Verdeckte Ermittler: gerichtliche Befragungspflicht

Das Bundesgericht kassiert ein Urteil des Obergerichts des Kantons Zürich, das auf die Einvernahme eines verdeckten Ermittlers verzichtet hat (BGer 6B_646/2017 vom 01.05.2018).
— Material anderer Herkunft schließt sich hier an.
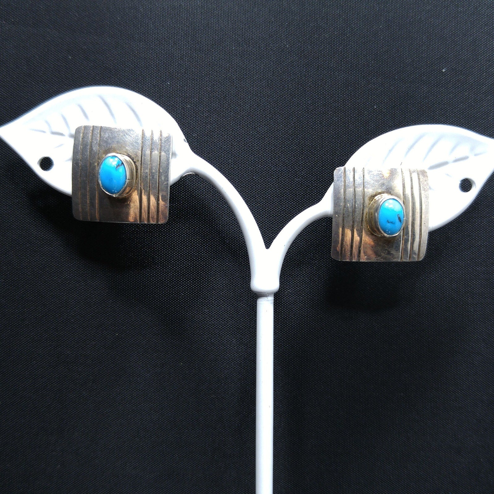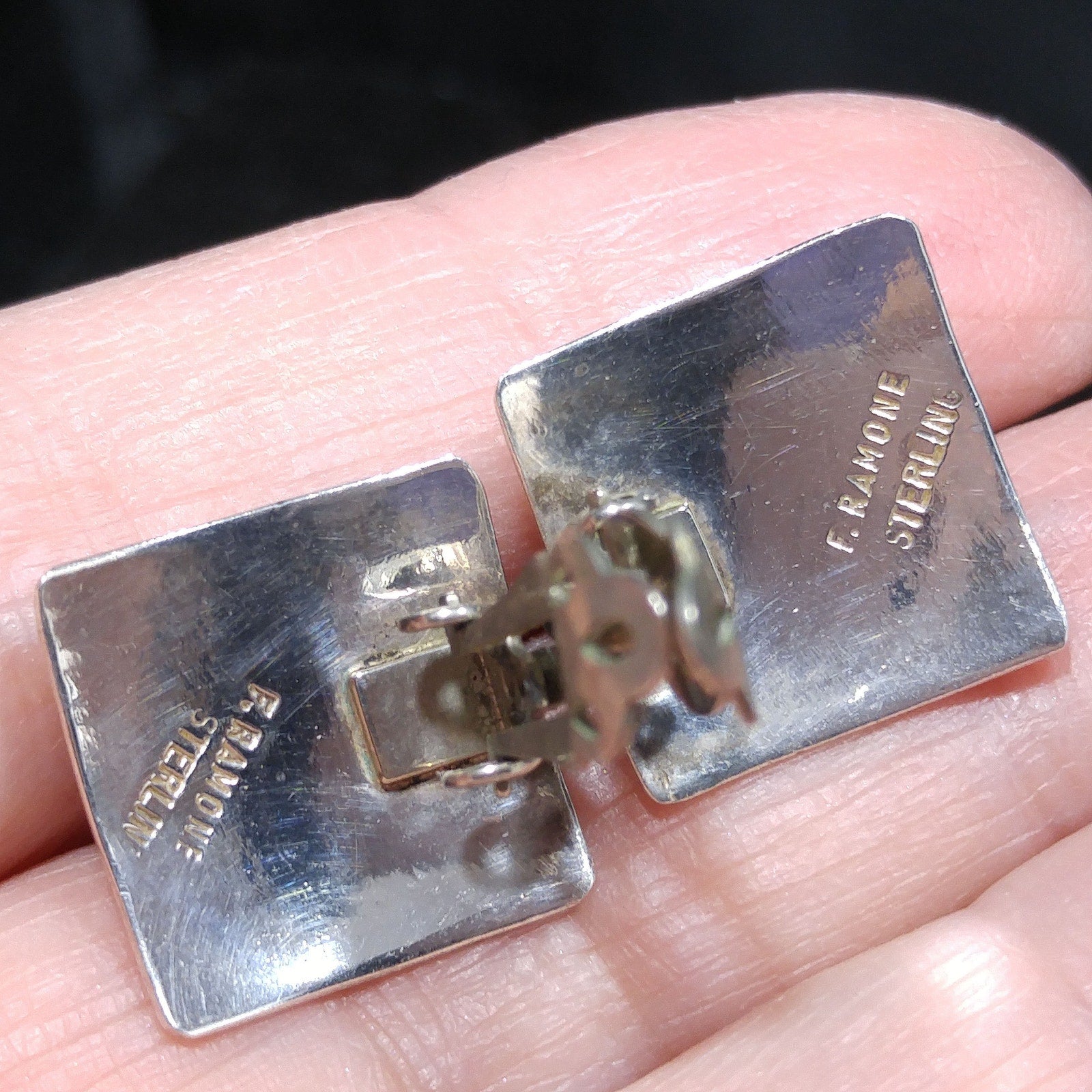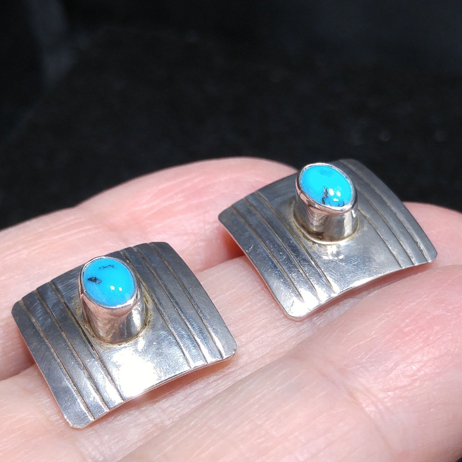 *Description: This is a great pair of Frank Ramone sterling silver earrings with a turquoise cabochon on each earring 3/16 raised from the surface in circulation in 1970s. These Navajo artisan earrings are very light in weight and stamped Sterling on the back of each, along with the artist's makers mark: F. Ramone. They would be a great pair to add to your vintage jewelry collection or make a wonderful vintage gift.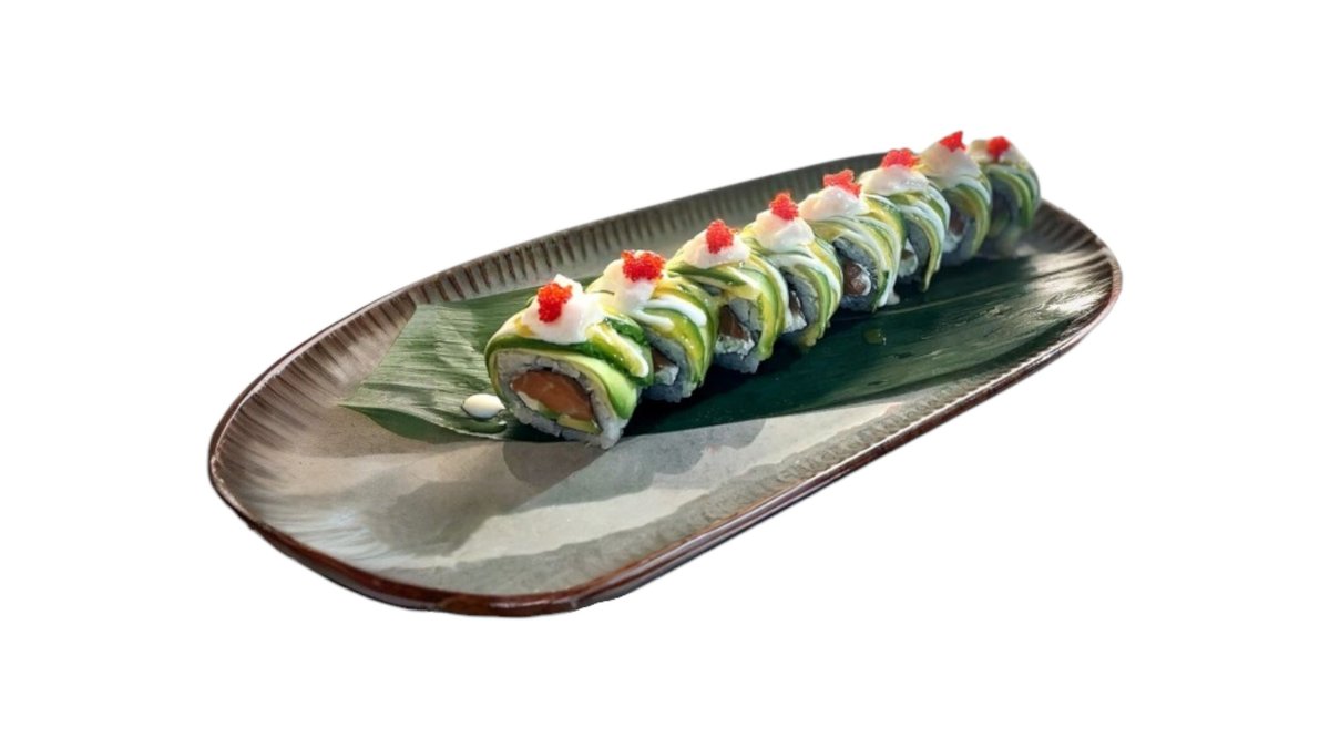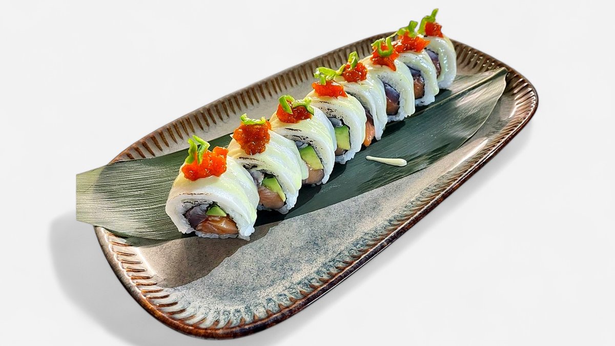 - INSIDE: salmon, avocado, philadelphia cheese - OUTSIDE/ COVERED: avocado, creamy butterfish with caviar, Passion Fruit-Coconut milk sauce 8 pieces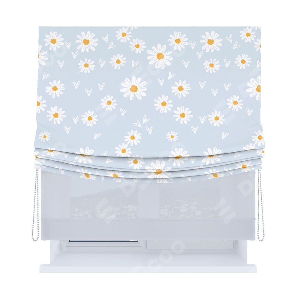 Римская штора «Кортин», день-ночь с мягкими складками, «Летние ромашки»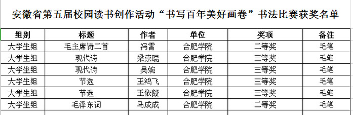 除書畫比賽外,我校學子還參加了安徽省第五屆校園讀書創作活動的其他系列比賽。今后我校將繼續開展讀書創作活動,豐富校園文化生活,營造良好的校園讀書風氣,推進文化育人、活動育人。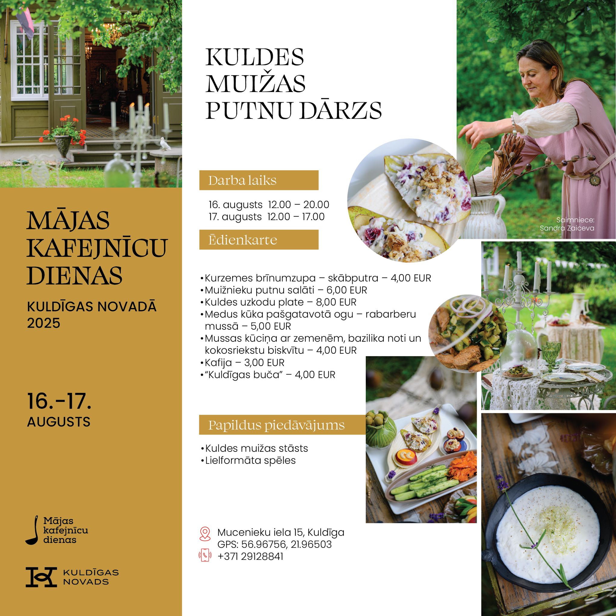 Informācija, ēdienkartes un kontakti pieejami www.majaskafejnicas.lv un https://www.facebook.com/search/top?q=visit%20kuldiga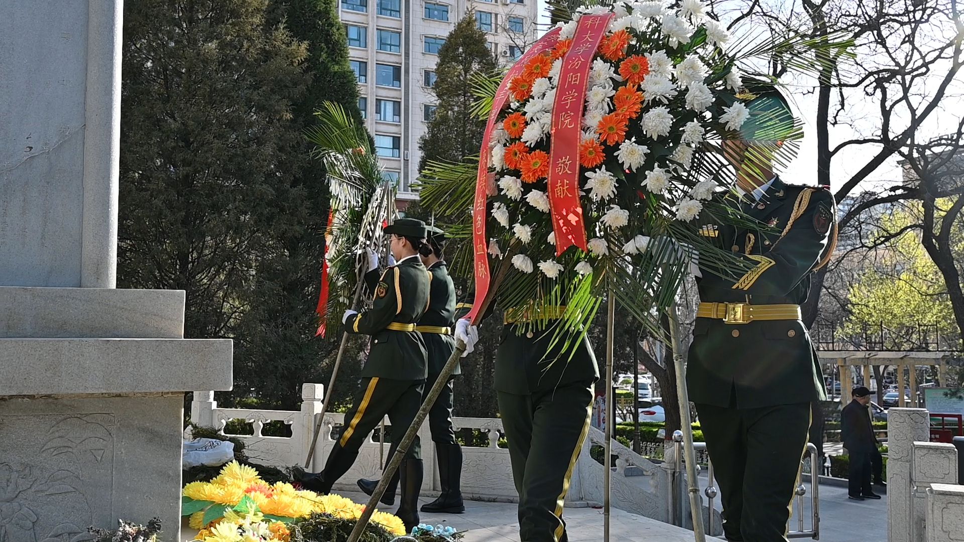 英魂不朽,青春致敬。清明时节,汾阳市烈士陵园内松柏苍翠。beat365国旗护卫队迈着铿锵的步伐,托举素白花篮稳步登阶,向烈士纪念碑敬献花篮。全体人员肃立默哀,垂首追思,缅怀先烈。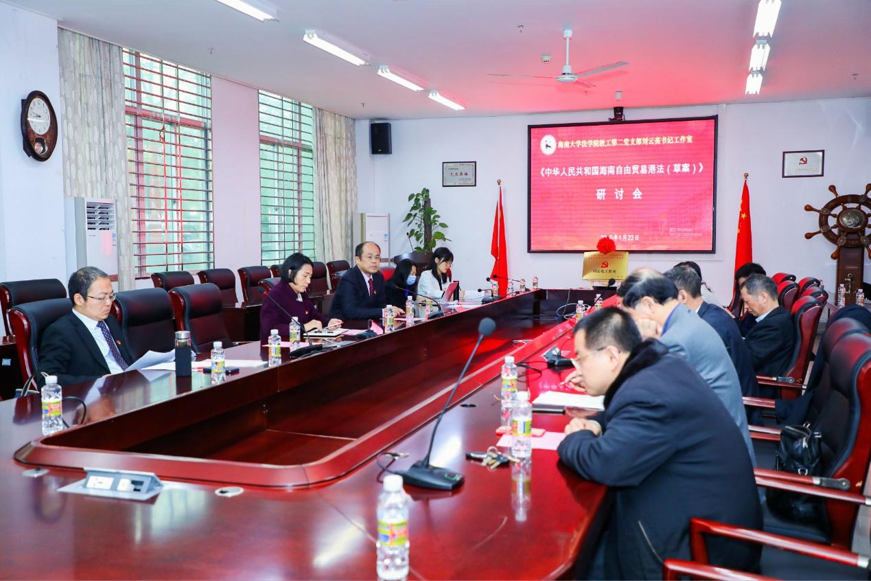 1月22日上午,402永利集团官网入口教工第二党支部刘云亮书记工作室在社科楼C113会议室举行《中华人民共和国海南自由贸易港法(草案)》(以下简称《草案》)研讨会。402永利集团官网入口相关学科教授参加研讨,会议由刘云亮教授主持。
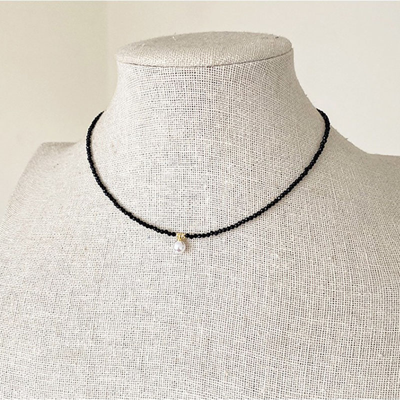 黑色水晶珍珠项链2023年新款爆款气质锁骨链女高级感轻奢小众颈链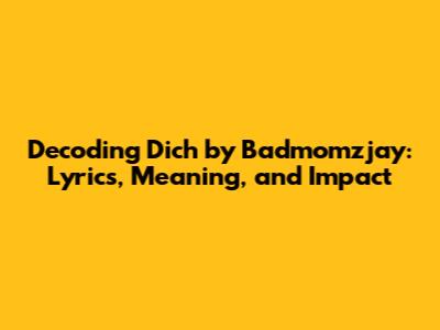 Decoding 'Dich' By Badmomzjay: Lyrics, Meaning, And Impact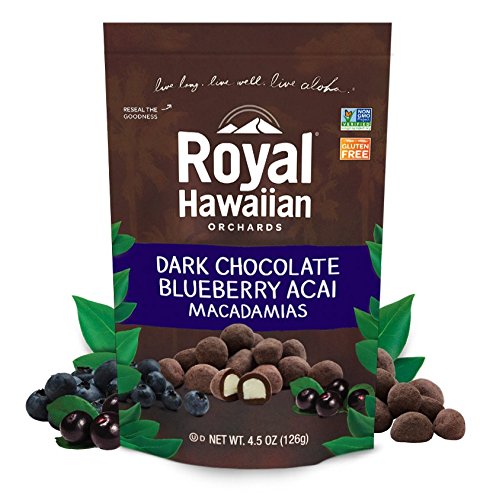 Royal Hawaiian Orchards Dark Chocolate Blueberry Acai Macadamias, Pack of 6/4.5 Ounce Bags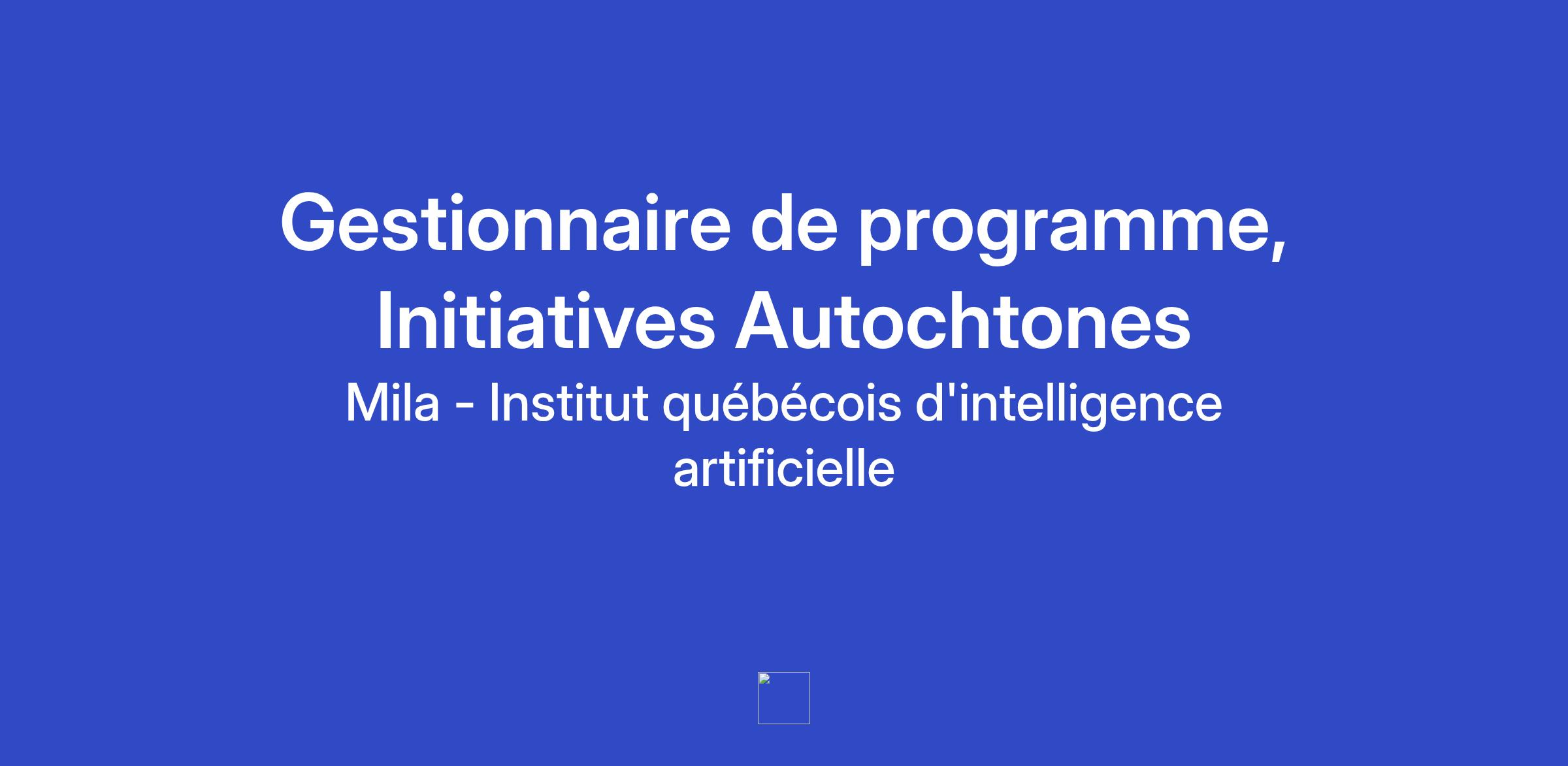 Mila est à la recherche d’une personne passionnée et dévouée pour occuper le poste de gestionnaire de programmes, initiatives autochtones. Le titulaire ou la titulaire de ce poste sera responsable de propulser le succès du programme «Indigenous Pathfinders in AI» (Éclaireurs autochtones en IA) ainsi que d’autres activités d’apprentissage et initiatives clés liées aux communautés autochtones.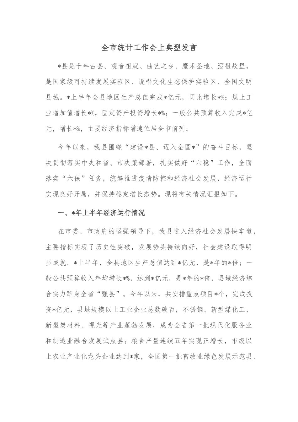 全市统计工作会上典型发言*县是千年古县、观音祖庭、曲艺之乡、魔术圣地、酒祖故里,是国家级可持续发展实验区、说唱文化生态保护实验区、全国文明县城。*上半年全县地区生产总值完成*亿元,同比增长*%;规上工业增加值增长*%,固定资产投资增长*%;一般公共预算收入完成*亿元,增长*%,主要经济指标增速位居全市前列。今年以来,我县围绕“建设*县、迈入全国*”的奋斗目标,坚决贯彻落实中央和省、市决策部署,扎实做好“六稳”工作,全面落实“六保”任务,统筹推进疫情防控和经济社会发展,经济运行实现良好开局,并保持稳定增长态势。现将有关情况汇报如下。一、*年上半年经济运行情况在市委、市政府的坚强领导下,我县进入经济社会发展快车道,主要指标实现了历史性突破,发展势头持续向好,社会建设取得明显成就。*上半年,全县地区生产总值达到*亿元,是*年的*倍;一般公共预算收入年均增长*%,达到*亿元,是*年的*倍,县域经济综合实力跻身全省“强县”。今年以来,共安排重点项目*个,完成投资*亿元,县域规模以上工业企业总数破百,不锈钢、新型煤化工、新型炭材料、视光等产业蓬勃发展,成为全省第一批现代化服务业和制造业融合发展试点县;粮食产量连续五年实现正增长,市级以上农业产业化龙头企业达到*家,全国第一批畜牧业绿色发展示范县、全国农业绿色发展先行先试支撑体系建设试点县、全国主要农作物生产全程机械化示范县等一大批“国字号”荣誉花落*;城乡融合发展成效显著,居民人均可支配收入达到*元,是*年的*倍,城镇化率达到*%,是全市唯一城镇化率实现正增长的县区。二、一年来重点工作及成效(一)深化统计改革。一是县委、政府高度重视统计工作。县委常委会议、政府常务会议多次集中学习习近平总书记关于统计工作的重要指示批示精神,以及有关统计造假弄虚作假案件通报,全面推动关于统计改革发展各项决策部署落地见效。*年至今,书记、县长、常务副县长先后*次莅临调研统计工作,专题听取统计工作汇报*余次,就加强统计工作作出重要指示,从机构设置、人员配备等方面着手,就解决统计基础薄弱问题进行了积极探索。二是坚持党对统计工作的领导。*月组建了由县委书记任第一主任、县长任主任的高规格统计工作委员会,筑牢党领导统计工作的根基。并于次月召开县委统计委员会第一、二次会议,审议通过了《县委统计工作委员会议事规则》《县委统计工作委员会办公室工作细则》和《*县统计*管理办法》。三是大力改善办公条件。为统计局划拨独立办公场所,实现各专业股室单列办公,集中办公面积由原本的人均*平方增加到现在的*平方。四是加强统计队伍建设。同意增设二级机构—统计事务服务中心,选聘正股级工作人员*名分别派驻*庄镇、*镇、*庄镇、*镇、*镇、*镇、*乡、*乡、*镇、*镇、*镇、*乡,打通统计监督最后“一公里”。(二)争创“双基”示范县。一是坚持以“抓基层、强基础、夯基石”为主线,实施“统计基层基础建设三年行动计划”,以加强乡镇统计工作为着力点,连续三年进行规范化建设评比,力促全县统计基层基础建设取得突破性进展。二是明确县、乡两级机构配置,在全县所有乡镇加挂统计工作办公室,做到了统计工作有机构、有人员、有经费、有办公条件。三是以政府名义印发《创建全省统计基层基础示范县实施方案》(*政办明电〔*〕*号),提出创建全省统计基层基础建设示范县的目标和要求,巩固乡镇层级网络,在全县掀起争创统计基层基础规范化建设达标乡、示范乡的高潮。四是研究制定统计各专业一套表企业规范化标准清单和统计电子台账。对照《*省一套表联网直报企业统计基础工作规范检查考核标准》,结合专业实际,明确规范化标准清单和统计电子台账,工业、财贸、服务业、房地产等专业标准清单和电子台账已发给乡镇和规模以上一套表企业,企业开展规范化有了抓手。下一步,我们将继续研究制定规下企业和村级样本点统计机构规范化标准清单和电子台账,实现统计规范化全覆盖。(三)探索“入库”培育新模式。一是*年以来,我们通过实地学习调研,借鉴*市、*城、*等兄弟县(市)区的四上单位入库的先进经验和做法,制定并实施了我县促进入库工作考核奖...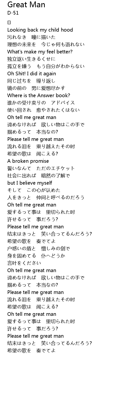 | 歌曲 | Great Man |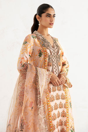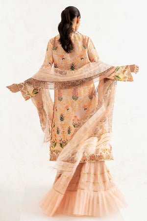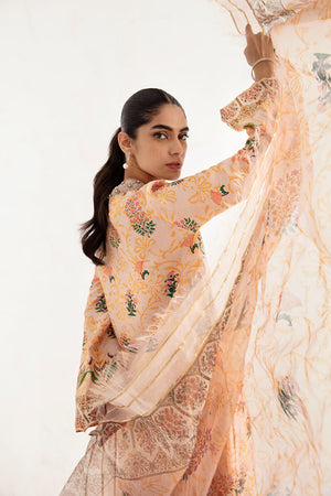 The outfit features a refreshing peach hue adorned with a captivating floral print that's further elevated by a zari work V neckline, adding a touch of opulence. The outfit is complemented by crushed and pleated sharara pants for a stylish and comfortable look. The printed organza dupatta comes with delicate gota lace.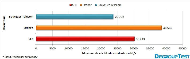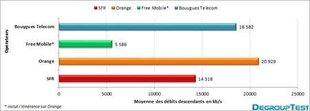 Concernant les opérateurs ces tests révèlent également des débits moyens descendant, en 4G seulement, largement inférieurs aux débits théoriques annoncés par les opérateurs. Ces tests, réalisés depuis l’entrée de Bouygues sur le marché de la 4G, place ce dernier entrant en dernière position (Free n’ayant pas lancé sa 4G), avec une moyenne de 23,7 Mbits en débit descendant, contre 30 Mbits pour SFR, et 38,5 Mbits avec Orange.

Das Bundesgericht erkennt auf einen unbedingten Anspruch der Beschuldigten, verdeckte Ermittler “durch ein Gericht im Rahmen einer indirekten Konfrontation befragen zu lassen:

BGE 133 I 33 ist für die hier interessierende Frage, ob bei verdeckten Ermittlerinnen und Ermittlern auf die Voruntersuchung abgestellt werden kann oder ob sie zwingend durch das Gericht anzuhören sind, nicht einschlägig. Auszugehen ist vom Gedanken der Kompensation der Beschneidung der Verteidigungsrechte des Beschuldigten, der lediglich ein Recht auf indirekte Konfrontation mit solchen Personen hat. Verdeckte Ermittlung (als eine Zwangsmassnahme; BGE 143 I 304 E. 2.2 S. 307) hat zum Ziel, besonders schwere Straftaten aufzuklären (Art. 285a StPO; zur Abgrenzung von der verdeckten Fahndung [Art. 298a ff. StPO] BGE 143 IV 27 E. 2.4 S. 31). Damit verbunden ist die Gefahr der unzulässigen Einwirkung der verdeckt ermittelnden Person, indem sie beim Tatverdächtigen (Art. 286 Abs. 1 lit. a StPO) eine allgemeine Tatbereitschaft weckt oder die Tatbereitschaft auf schwerere Straftaten lenkt, oder wenn ihre Tätigkeit für den Entschluss zu einer konkreten Straftat nicht mehr bloss von untergeordneter Bedeutung ist (Art. 293 Abs. 1 und 2 StPO; vgl. Niklaus Oberholzer, Grundzüge des Strafprozessrechts, 3. Aufl. 2012, Rz. 1250 ff.). Die Aussagen der verdeckten Ermittlerinnen und Ermittler sind somit nicht nur für die Frage der Strafbarkeit des oder der Beschuldigten bedeutsam, sondern es geht  gleichzeitig auch darum, ob sie bei ihrer Tätigkeit das Mass des Zulässigen überschritten haben und welche Rechtsfolgen (nach Art. 293 Abs. 4 StPO oder Art. 141 Abs. 1 StPO) sich daraus ergeben, worüber das Sachgericht zu befinden hat (BGE 143 I 304 E. 2.4 S. 309 f. mit Hinweis). Die Glaubhaftigkeit der Aussagen der Person, die verdeckt ermittelt hat und anonym bleiben darf, steht gleichsam auf dem Prüfstand (vgl. BGE 143 I 310 E. 3.4.4 S. 320 oben). Daraus ergibt sich ein unbedingter Anspruch des oder der Beschuldigten darauf, verdeckte Ermittlerinnen oder Ermittler (als Auskunftspersonen oder Zeuginnen oder Zeugen; Art. 288 Abs. 2 StPO) durch ein Gericht im Rahmen einer indirekten Konfrontation befragen zu lassen (vgl. Urteil 1P.277/1997 vom 2. Dezember 1998 E. 4, nicht publ. in: BGE 125 I 127, unter Hinweis auf das Unmittelbarkeitsprinzip) [E. 6.2].